Frequent blood collection leads to anemia and increased transfusion needs. Umbilical cord blood (UCB) collection has been suggested to reduce the need for subsequent blood draws, but its effectiveness, especially in very low birth weight infants (VLBWI), remains insufficiently explored.

This retrospective study was approved by the Ethics Committee of Xiangya Third Hospital, Central South University (No. 23673), which granted a waiver of informed consent in accordance with national regulations and institutional guidelines, stratifying infants into two groups based on whether UCB was collected at birth: the UCB collection (UCB, 68 infants) group and the non-umbilical cord blood collection (NUCB, 70 infants) group. These cohorts were further analyzed according to birth weight (BW), with 64 infants with BW ≥1,250 g (UCB=21, NUCB=43) and 74 infants with BW < 1,250 g (UCB=47, NUCB=27). Clinical data were then collected and analyzed.

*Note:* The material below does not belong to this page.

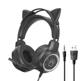 G35 Cute Cat RGB Head-mounted Wired Gaming Earphone(Black)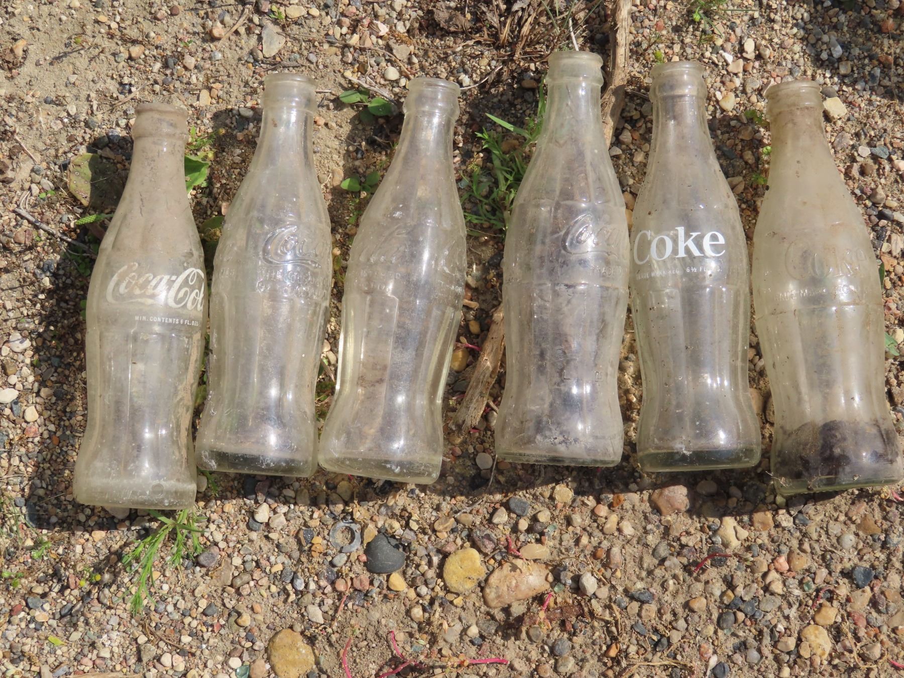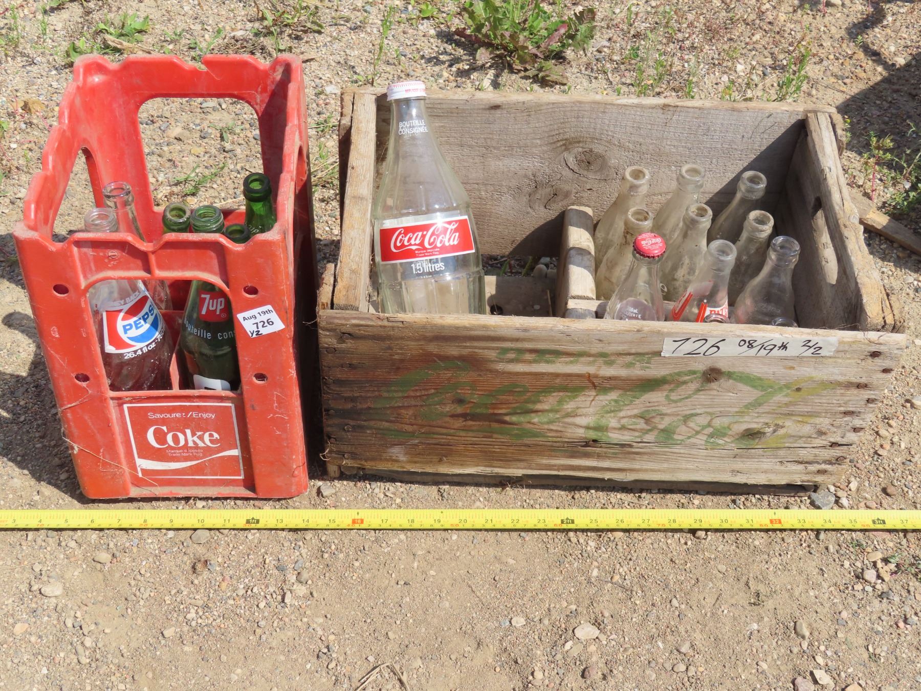 Wooden Coca-Cola box with glass Coca-Cola bottles + plastic Coke bin with glass bottles

Among preterm infants with BW < 1,250 g, the occurrence of hemoglobin (Hb) < 120 g/L within the first week after birth, the volume of blood drawn within the first 24 h and the first three days after birth were significantly lower in the UCB group than in the NUCB group (P < 0.05); the rate of non-transfusion within 7 days after birth was higher in the UCB group than that in the NUCB group (P < 0.05). In preterm infants with BW ≥1,250 g, the volume of blood drawn within 24 h and within the first three days after birth was significantly lower in the UCB group than in the NUCB group (P < 0.05).

UCB can effectively reduce the volume of blood drawn from VLBWI in the early postnatal period, and help protect those preterm infants from adverse stimuli.

Chinese Clinical Trial Registry, ChiCTR2500113741.

## Full-text entities

- **Diseases:** blood loss (MESH:D016063), anemia (MESH:D000740)
- **Species:** Homo sapiens (human, species) [taxon 9606]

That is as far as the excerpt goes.